Olaf Would Have Been A Mean Character In Frozen’s Original Plan
Olaf the snowman is known for his comedic love of summer, his childlike innocence, and ever-cheerful demeanor. However, he was originally conceived as one of the evil Elsa’s snowman guards, with an attitude befitting an evil minion. He would have had a rude sense of humor, and was even imagined to be voiced by now-controversial comedian Louis C.K. This version of Olaf proved difficult for Buck and Lee to work with, and was changed to better fit what a child’s idea of a living snowman would act like. He became Anna’s sidekick instead of Elsa’s, and when the two princesses became sisters, Olaf stayed as a symbol of the love between them.
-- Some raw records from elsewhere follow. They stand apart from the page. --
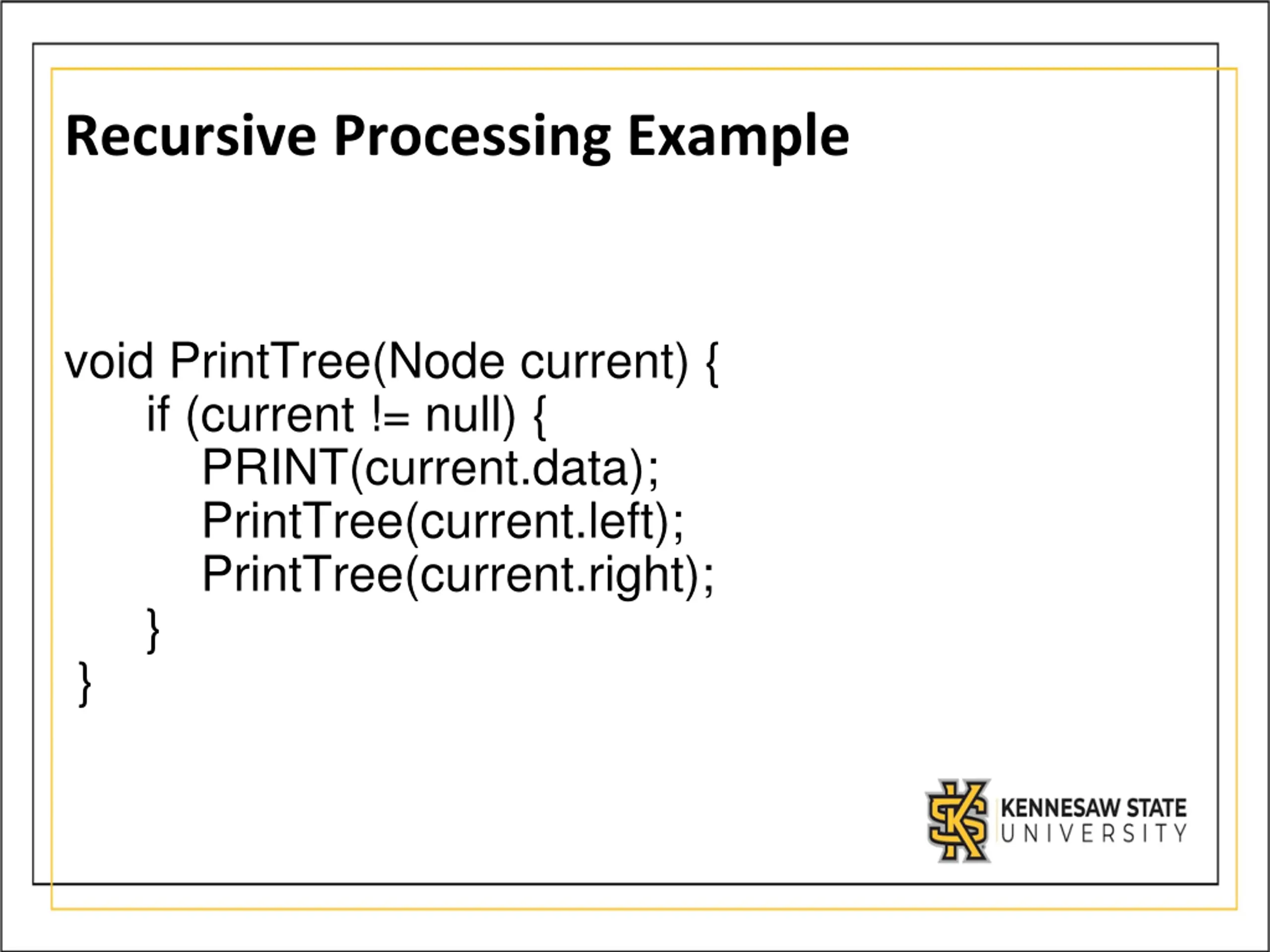 Recursive Processing Example void PrintTree(Node current) { if (current != null) { PRINT(current.data); PrintTree(current.left); PrintTree(current.right); } }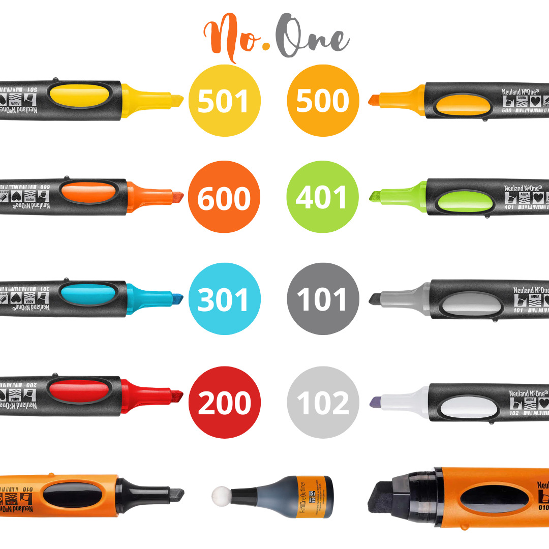 Absolutny zestaw startowy - dla początkujących, którzy oswajają się z mazakami Neuland® i chcą na początek pracować mazakami o standardowej skośnej końcówce czyli NoOne.
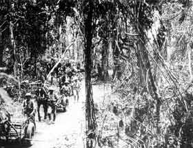 藤蔓横生的环境展示了缅北原始森林的面貌,一支庞大的军队在这样的森林里是很容易消失的。在这样的森林里作战解决给养最有效的工具是马车。这些马比本地的马要显得身材高大,显然它们是被军队挑选出来服役的良种马。在遮天蔽日的原始丛林里和士兵们最亲密的就是它们了,从某种意义上说,战争是这些马驮出来的。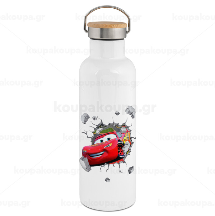 Brick McQueen, Stainless steel White with wooden lid (bamboo), double wall, 750ml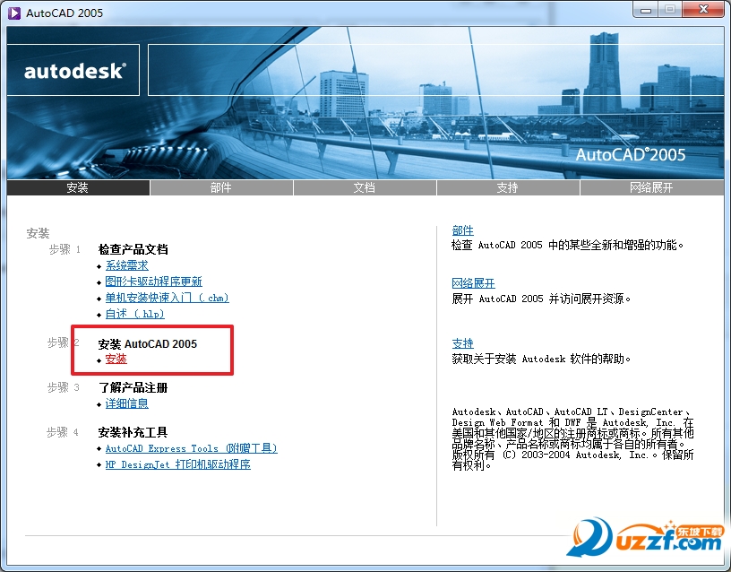 然后点击步骤2上的红色“安装”按钮,安装AutoCAD2005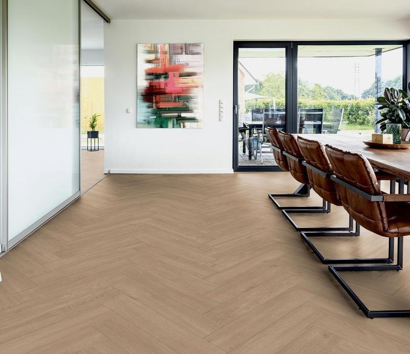 Ламинат под Английскую ёлочку 33 класса Herringbone Edition в декоре Дуб апартаментный (Oak Apartment) светло-коричневого цвета от производителя Ter Hurne толщиной 10 мм, на замковой системе SmartConnect HB, 5G с фаской по периметру. Напольное покрытие Herringbone Edition Дуб апартаментный (1101021808) продаётся упаковками по 10 планок размером 133×665 мм общей площадью 0,884 м².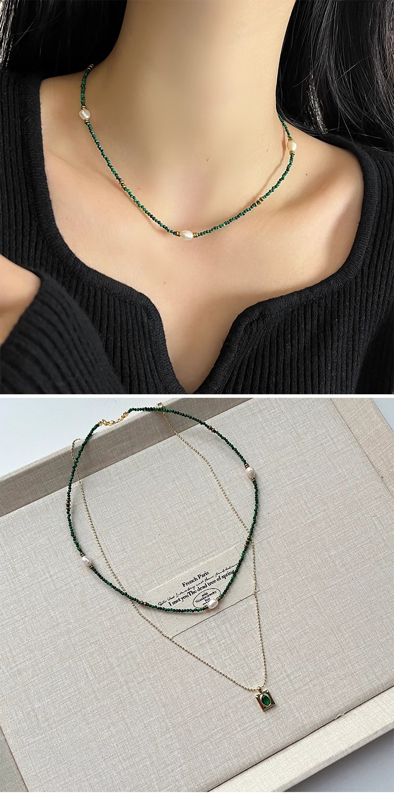 孔雀石珍珠项链,祖母绿吊坠项链,天然石珍珠手链, 天然石珍珠项链,绿松石项链,水晶猫眼石项链

How Frozen’s Ending Was Originally Different
Frozen originally centered around a prophecy that “A ruler with a frozen heart will destroy Arendelle.” The viewer was led to believe that Elsa was that ruler, and in Frozen‘s original ending raised a massive army of snow minions to attack Arendelle, which was left under Prince Hans’ care after Anna was kidnapped. To fight off the horde of snowmen, Prince Hans would trigger an avalanche that would not only crush the opposing forces but Anna and Arendelle itself. His disregard for Anna and the kingdom’s well-being would reveal that he was the ruler in the prophecy, though his heart was only metaphorically frozen. This allowed Anna to unfreeze Elsa’s heart at the movie’s close. The late-term redemption arc was changed for its lack of emotional connection to Elsa, coinciding with the queen’s shift from villainy.
When looking at all the ways Frozen‘s story changed during its production, one can see how influential Elsa’s face-turn was on the film’s trajectory. Ultimately, the alterations became some of its most memorable elements. It is hard to imagine a world where the anthemic “Let It Go” is a villain song, or without the unbreakable bond between sisters that made Frozen so empowering and relatable.